:: SOURCE DATA ::
-------

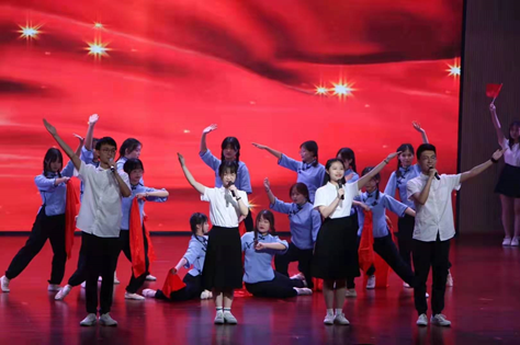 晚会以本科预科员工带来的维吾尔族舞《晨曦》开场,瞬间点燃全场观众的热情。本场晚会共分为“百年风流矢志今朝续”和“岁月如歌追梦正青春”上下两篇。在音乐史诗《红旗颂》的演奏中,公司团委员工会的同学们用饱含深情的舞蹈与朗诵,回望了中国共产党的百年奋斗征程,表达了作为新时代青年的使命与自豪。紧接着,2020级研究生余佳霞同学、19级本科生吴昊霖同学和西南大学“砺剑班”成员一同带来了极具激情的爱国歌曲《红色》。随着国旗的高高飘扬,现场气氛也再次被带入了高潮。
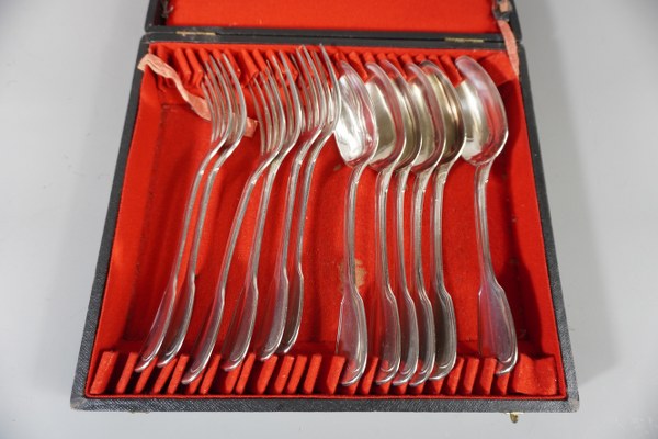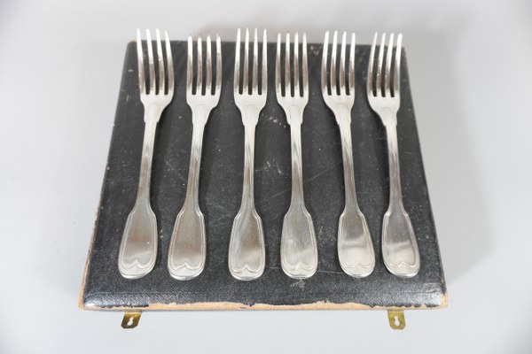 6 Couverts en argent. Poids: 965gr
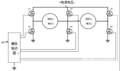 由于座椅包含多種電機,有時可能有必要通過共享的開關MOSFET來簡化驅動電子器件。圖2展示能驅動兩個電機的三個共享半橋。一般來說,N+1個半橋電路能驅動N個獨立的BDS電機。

-------

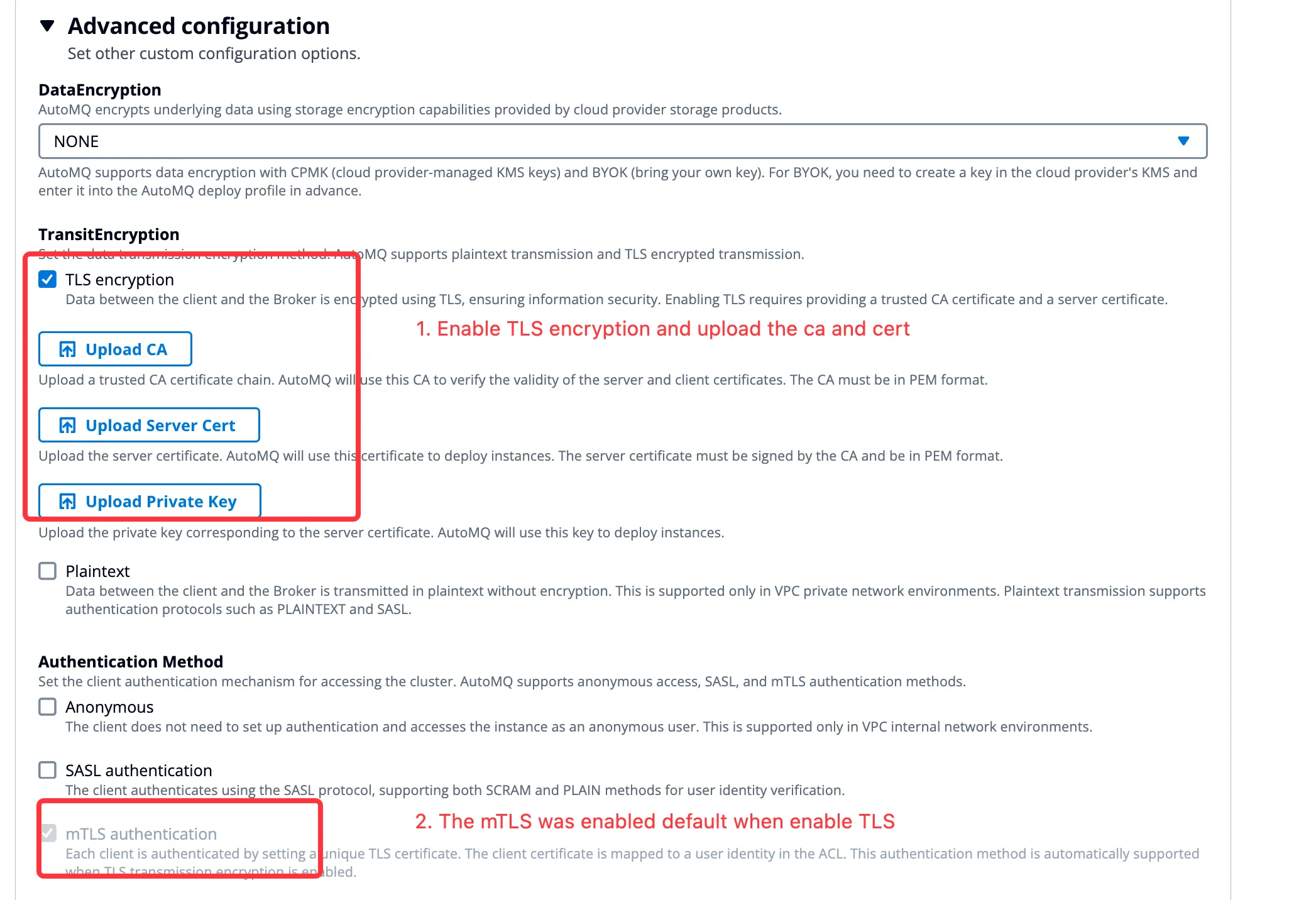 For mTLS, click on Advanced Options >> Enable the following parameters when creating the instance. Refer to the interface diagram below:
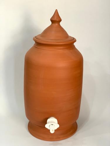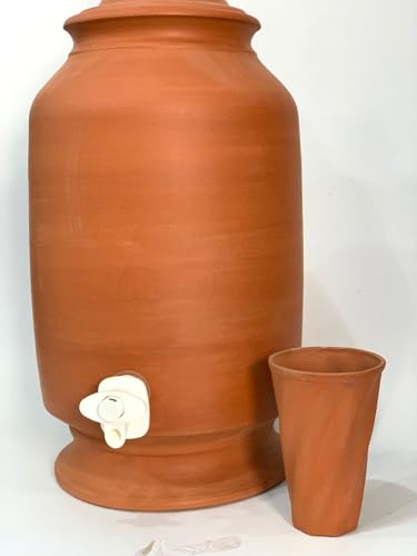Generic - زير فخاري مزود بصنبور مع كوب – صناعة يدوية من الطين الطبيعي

-------

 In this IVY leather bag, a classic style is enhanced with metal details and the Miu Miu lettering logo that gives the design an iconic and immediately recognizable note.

-------

The line holding "晚会以本科预科员工带来的维吾" starts the copy and the line holding "由于座椅包含多種電機,有時可" ends it. Repeat those two lines above and all between them exactly, leaving out pictures.

 晚会以本科预科员工带来的维吾尔族舞《晨曦》开场,瞬间点燃全场观众的热情。本场晚会共分为“百年风流矢志今朝续”和“岁月如歌追梦正青春”上下两篇。在音乐史诗《红旗颂》的演奏中,公司团委员工会的同学们用饱含深情的舞蹈与朗诵,回望了中国共产党的百年奋斗征程,表达了作为新时代青年的使命与自豪。紧接着,2020级研究生余佳霞同学、19级本科生吴昊霖同学和西南大学“砺剑班”成员一同带来了极具激情的爱国歌曲《红色》。随着国旗的高高飘扬,现场气氛也再次被带入了高潮。
 6 Couverts en argent. Poids: 965gr
 由于座椅包含多種電機,有時可能有必要通過共享的開關MOSFET來簡化驅動電子器件。圖2展示能驅動兩個電機的三個共享半橋。一般來說,N+1個半橋電路能驅動N個獨立的BDS電機。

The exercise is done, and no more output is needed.